When you select the User Color Temp preset, this is the level of performance you’ll see. There are no visible errors, but our i1Pro says the white point is a little on the cool side. Still, it's pretty much excellent for a measurement right out of the box.
By tweaking the RGB sliders a bit, we improved the tracking slightly. The greatest gains are at the bright end of the luminance scale. We also had to lower the Contrast control to clean up the 100-percent level. We’ve seen better grayscale charts. However, the PB287Q’s result raises no issues worth worrying about.
Back to the comparison group…
An un-calibrated error of 2.27 Delta E is well under the threshold of visibility. We would be perfectly happy using the PB287Q without adjustment. Of course, while it doesn’t need a calibration, we performed one anyway.
A result of 1.49 Delta E represents only a small improvement in grayscale performance. For some, the small reduction in contrast is too great of a price to pay for such a slight gain in accuracy. Remember that if you only adjust backlight intensity, you’ll see around 900 to 1 contrast, rather than the calibrated number of 764 to 1.
Gamma is the measurement of luminance levels at every step in the brightness range from 0 to 100 percent. This is important because poor gamma can either crush detail at various points or wash it out, making the entire picture appear flat and dull. Correct gamma produces a more three-dimensional image, with a greater sense of depth and realism. Meanwhile, incorrect gamma can negatively affect image quality, even in monitors with high contrast ratios.
In the gamma charts below, the yellow line represents 2.2, which is the most widely used standard for television, film, and computer graphics production. The closer the white measurement trace comes to 2.2, the better.
We’re including three different traces to show the difference between Game and Standard mode, along with the effect of Asus' Smart View control.
In the charts above, you saw that the grayscale performance in Game mode wasn’t too bad. When it comes to measuring gamma, however, there's a clear price to be paid. The large dips at 10 and 90 percent mean detail in those ranges gets crushed. The impact on bright highlights is very obvious in real-world content.
Here is the gamma in Standard mode. It tracks very well and only runs slightly dark. The average value is 2.31, which is a tad higher than the preferred 2.2. The upside is that perceived contrast is a little better. Standard mode, without question, is the right choice for the best image quality.

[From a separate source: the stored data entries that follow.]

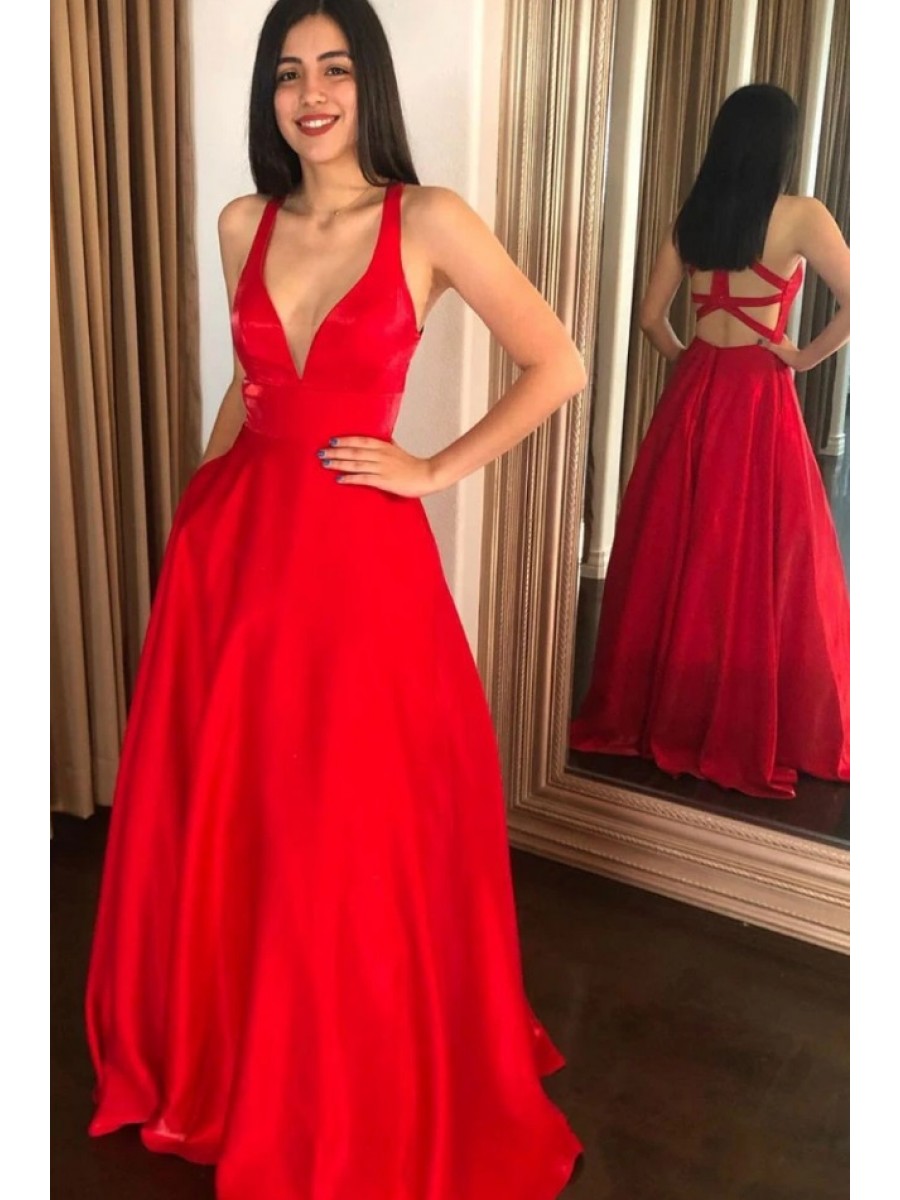 Sale A-Line Long Red V Neck Prom Dress Formal Evening Gowns 901353 zoom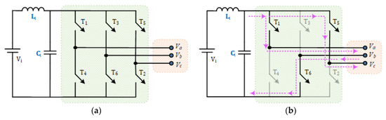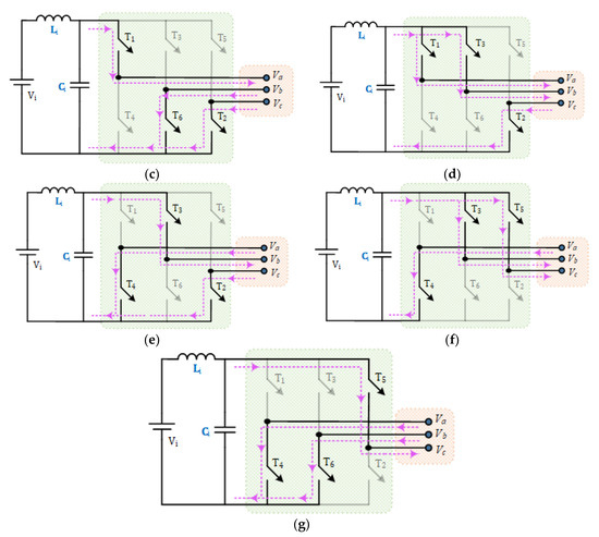 Various operating modes of AEPSS three-phase inverter. (a) No operation; (b) Mode-1; (c) Mode-2; (d) Mode-3; (e) Mode-4; (f) Mode-5; (g) Mode-6.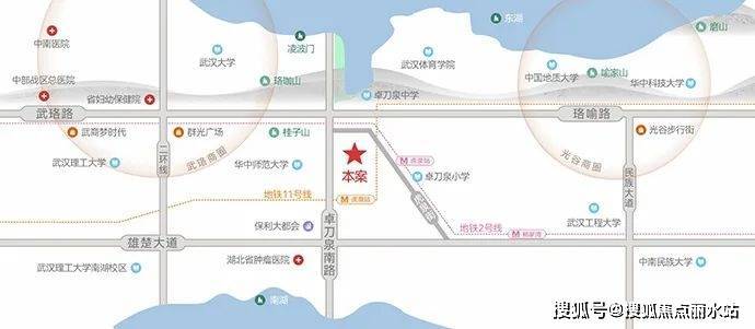 武汉发展主轴,城市文脉轴心:择址武汉城市中轴线上,武珞一路串联城市繁华中心与顶配资源,踞武昌城市发展主轴与东湖生态主轴交汇的城市文脉十字轴心。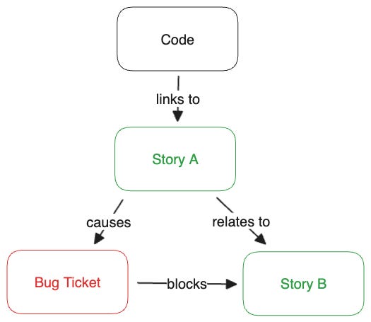 You have your stories now. Unfortunately that is not enough — If a new engineer joins your team, they will not go through all tickets and stories that have ever been written. Instead, they look at the code and wonder why e.g. you have a specific filter applied a certain line. This is why we need to connect the code with the stories. Ideally, this happens automatically because you add the ticket URL or ID in every commit that you make. Then, they can just open the annotations of the code and find out which ticket caused the last change.

Here’s what happens when you turn Smart View on:
I mentioned earlier that Smart View raises the black level and cuts overall contrast by 89 percent. The net effect is a flat and washed-out image with medium gray tones where black should be. It looks like Asus wants Smart View to help with shadow detail, but it would be more useful if the feature had four or five different levels rather than on/off.
Let's get back to the comparison group:
Although the gamma is a tad dark, it tracks extremely well. Gamma is nearly as important to image quality as contrast, and the PB287Q gives nothing away here.
We calculate gamma deviation by simply expressing the difference from 2.2 as a percentage.
Because of its 2.31 average value, the PB287Q doesn’t look great compared to the rest of the field. Don't let our result deter you though; it's a relatively minor error you can fix on your own by upping the Contrast control (so long as you don’t mind a little less accuracy in the brightest grayscale points). Whether you calibrate or not, we consider the gamma performance to be more than satisfactory.